En un entorno diseñado para poner a prueba cada componente clave, nuestra camioneta volvió a demostrar que está preparada para responder a las necesidades del trabajo diario en el país. A través de un recorrido técnico en pista, se evidenció su desempeño frente a escenarios que replican condiciones reales de uso, como pendientes pronunciadas, superficies irregulares y obstáculos estructurales.
Durante la jornada, se pudo observar cómo el vehículo mantiene estabilidad y control incluso en maniobras de alta exigencia, lo que refleja un desarrollo enfocado en resistencia y confiabilidad.

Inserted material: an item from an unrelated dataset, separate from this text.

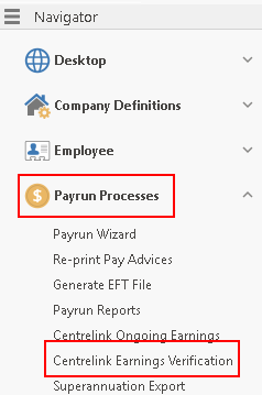- From Navigator select Payrun Processes > Centrelink Earnings Verification.

Más allá de una simple exhibición, este tipo de pruebas forman parte de un proceso continuo para validar que cada unidad cumpla con los estándares necesarios para enfrentar terrenos complejos.
El ejercicio también permitió destacar elementos clave en su configuración mecánica, especialmente aquellos relacionados con la suspensión y la estructura inferior, fundamentales para garantizar durabilidad en actividades productivas.
Estos aspectos, aunque no siempre visibles en el uso cotidiano, son determinantes para quienes dependen del vehículo como herramienta de trabajo.
Adicionalmente, el espacio sirvió para reforzar el propósito detrás del proyecto: ofrecer una camioneta pensada desde la realidad ecuatoriana, adaptada a distintos contextos geográficos y laborales. La interacción cercana con el vehículo y su comportamiento en pista reflejan una propuesta que prioriza funcionalidad, rendimiento y seguridad.
Con este tipo de experiencias, seguimos consolidando una visión clara: desarrollar vehículos que no solo acompañen el trabajo, sino que estén preparados para sostenerlo en el tiempo.